Start of DATA SHOWN

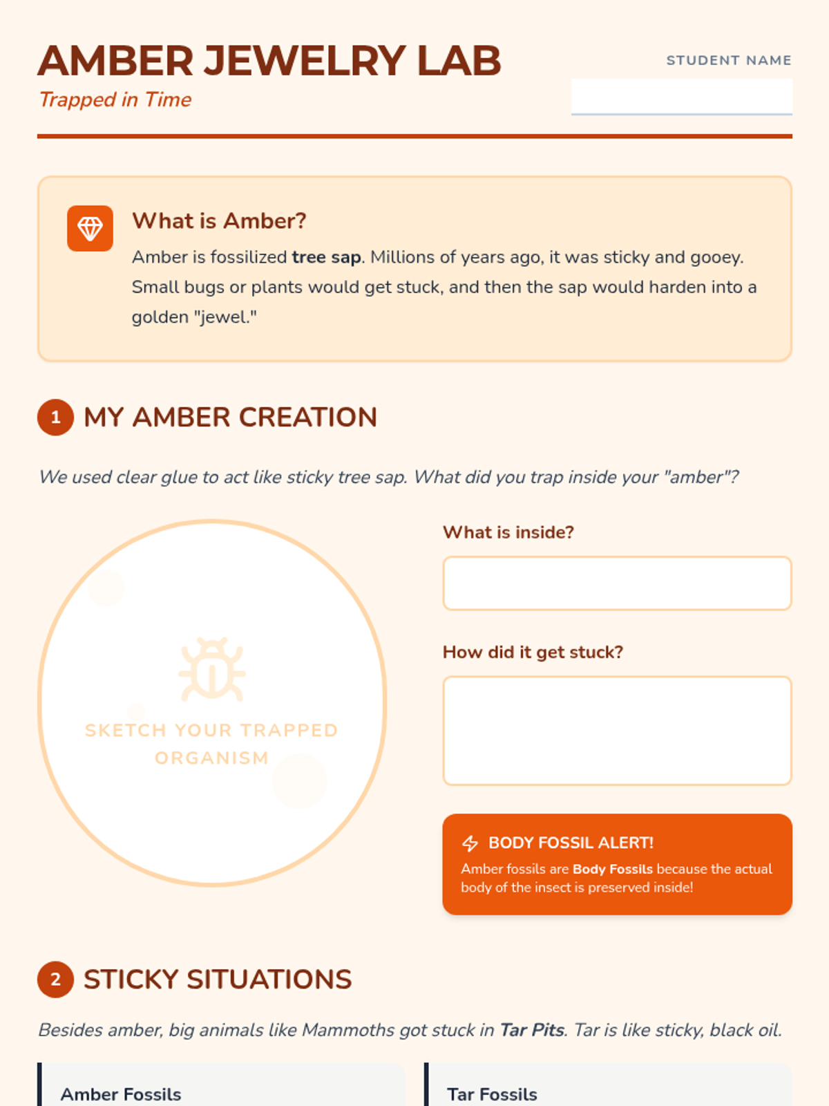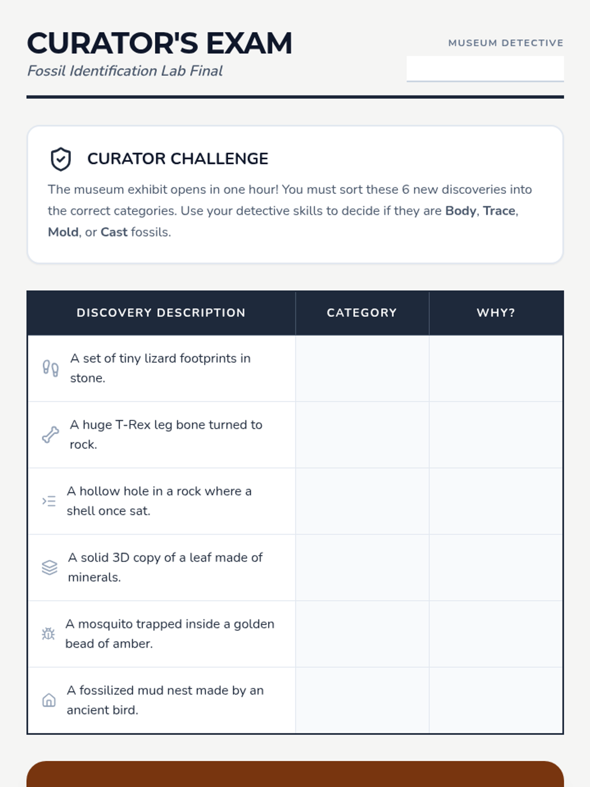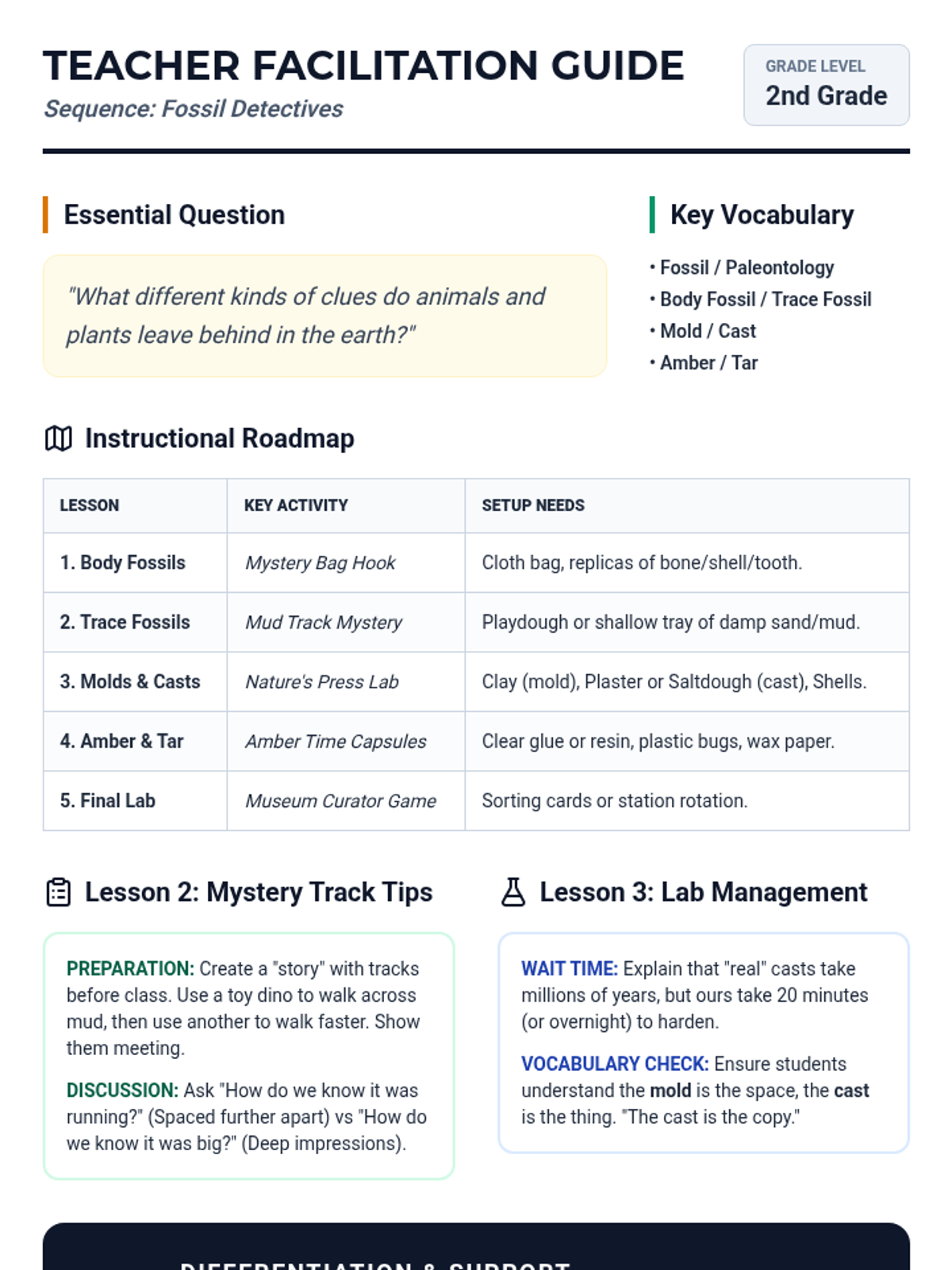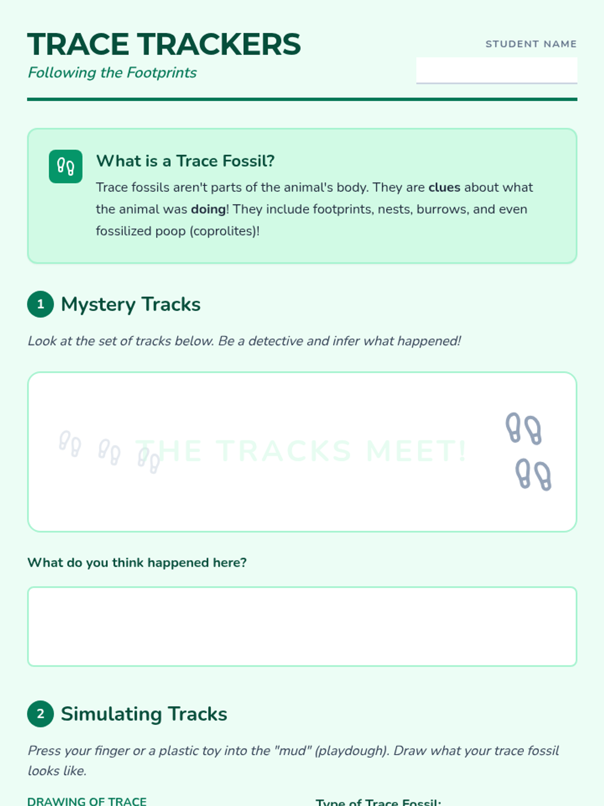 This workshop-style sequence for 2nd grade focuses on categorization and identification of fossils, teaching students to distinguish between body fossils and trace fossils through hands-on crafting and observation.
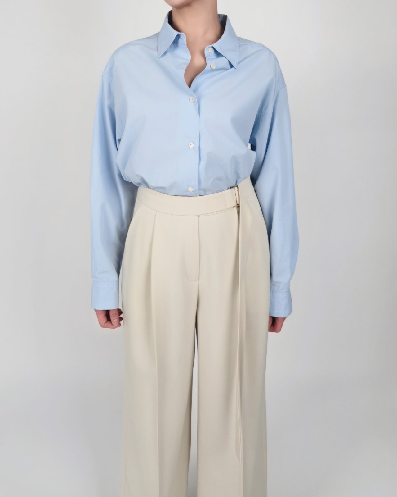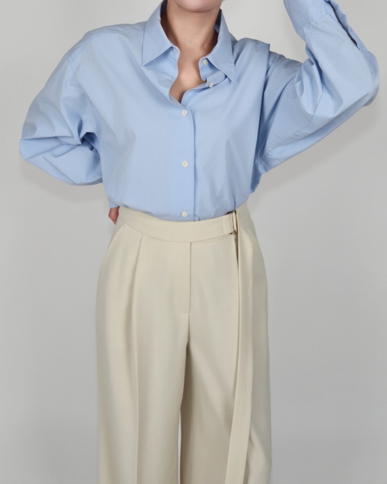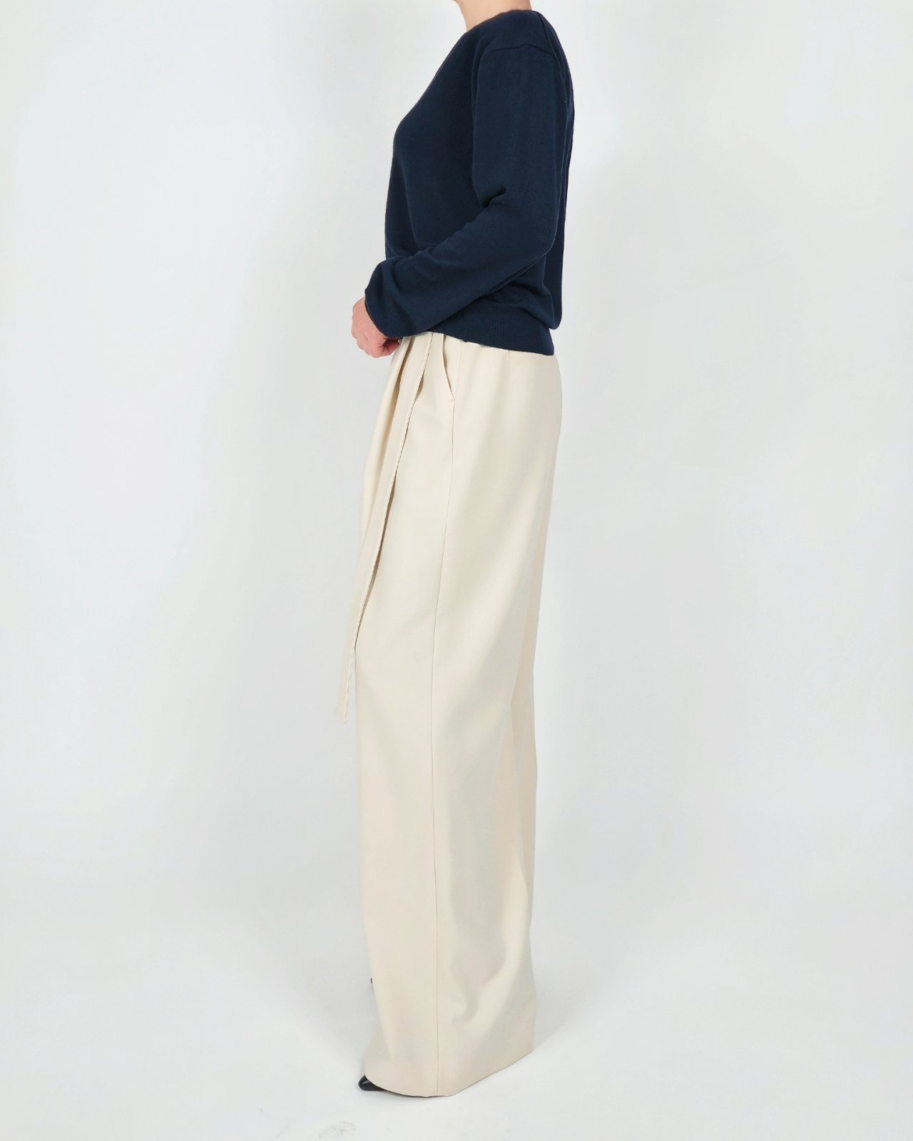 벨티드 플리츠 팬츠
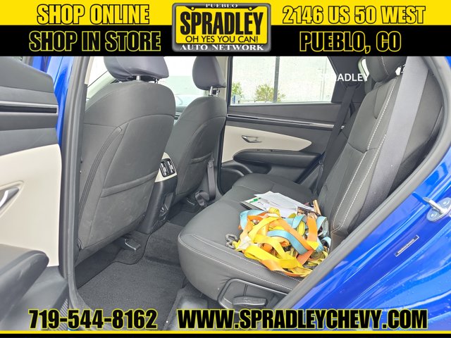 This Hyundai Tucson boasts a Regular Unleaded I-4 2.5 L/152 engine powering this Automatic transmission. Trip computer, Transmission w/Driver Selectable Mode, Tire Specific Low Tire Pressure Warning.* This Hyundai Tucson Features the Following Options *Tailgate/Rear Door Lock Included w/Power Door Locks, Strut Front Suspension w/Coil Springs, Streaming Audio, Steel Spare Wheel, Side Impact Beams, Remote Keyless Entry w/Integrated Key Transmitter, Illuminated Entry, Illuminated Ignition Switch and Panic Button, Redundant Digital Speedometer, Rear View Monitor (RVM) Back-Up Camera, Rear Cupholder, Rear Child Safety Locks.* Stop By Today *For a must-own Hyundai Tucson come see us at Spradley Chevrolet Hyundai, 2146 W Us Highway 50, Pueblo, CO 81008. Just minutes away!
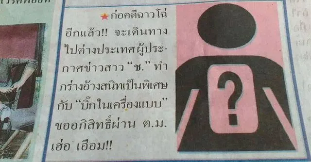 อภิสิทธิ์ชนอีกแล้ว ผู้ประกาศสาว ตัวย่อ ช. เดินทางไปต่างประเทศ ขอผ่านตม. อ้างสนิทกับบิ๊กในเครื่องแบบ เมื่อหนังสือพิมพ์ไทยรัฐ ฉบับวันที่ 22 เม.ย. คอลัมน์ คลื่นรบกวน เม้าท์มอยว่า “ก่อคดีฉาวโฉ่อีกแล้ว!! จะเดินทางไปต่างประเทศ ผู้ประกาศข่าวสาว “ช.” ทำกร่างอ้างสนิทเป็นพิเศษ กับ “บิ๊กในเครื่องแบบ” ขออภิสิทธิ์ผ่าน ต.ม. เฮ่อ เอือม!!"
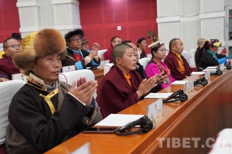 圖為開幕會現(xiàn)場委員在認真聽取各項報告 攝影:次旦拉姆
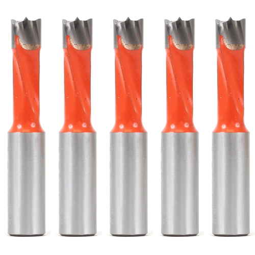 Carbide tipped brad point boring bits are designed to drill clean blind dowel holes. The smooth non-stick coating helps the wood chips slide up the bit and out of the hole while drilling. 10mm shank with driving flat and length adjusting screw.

End of DATA SHOWN

**REQUIREMENT**
Return each line of the data, keeping its wording exact and omitting pictures.

**ANSWER SPACE**
 This workshop-style sequence for 2nd grade focuses on categorization and identification of fossils, teaching students to distinguish between body fossils and trace fossils through hands-on crafting and observation.
 벨티드 플리츠 팬츠
 This Hyundai Tucson boasts a Regular Unleaded I-4 2.5 L/152 engine powering this Automatic transmission. Trip computer, Transmission w/Driver Selectable Mode, Tire Specific Low Tire Pressure Warning.* This Hyundai Tucson Features the Following Options *Tailgate/Rear Door Lock Included w/Power Door Locks, Strut Front Suspension w/Coil Springs, Streaming Audio, Steel Spare Wheel, Side Impact Beams, Remote Keyless Entry w/Integrated Key Transmitter, Illuminated Entry, Illuminated Ignition Switch and Panic Button, Redundant Digital Speedometer, Rear View Monitor (RVM) Back-Up Camera, Rear Cupholder, Rear Child Safety Locks.* Stop By Today *For a must-own Hyundai Tucson come see us at Spradley Chevrolet Hyundai, 2146 W Us Highway 50, Pueblo, CO 81008. Just minutes away!
 อภิสิทธิ์ชนอีกแล้ว ผู้ประกาศสาว ตัวย่อ ช. เดินทางไปต่างประเทศ ขอผ่านตม. อ้างสนิทกับบิ๊กในเครื่องแบบ เมื่อหนังสือพิมพ์ไทยรัฐ ฉบับวันที่ 22 เม.ย. คอลัมน์ คลื่นรบกวน เม้าท์มอยว่า “ก่อคดีฉาวโฉ่อีกแล้ว!! จะเดินทางไปต่างประเทศ ผู้ประกาศข่าวสาว “ช.” ทำกร่างอ้างสนิทเป็นพิเศษ กับ “บิ๊กในเครื่องแบบ” ขออภิสิทธิ์ผ่าน ต.ม. เฮ่อ เอือม!!"
 圖為開幕會現(xiàn)場委員在認真聽取各項報告 攝影:次旦拉姆
 Carbide tipped brad point boring bits are designed to drill clean blind dowel holes. The smooth non-stick coating helps the wood chips slide up the bit and out of the hole while drilling. 10mm shank with driving flat and length adjusting screw.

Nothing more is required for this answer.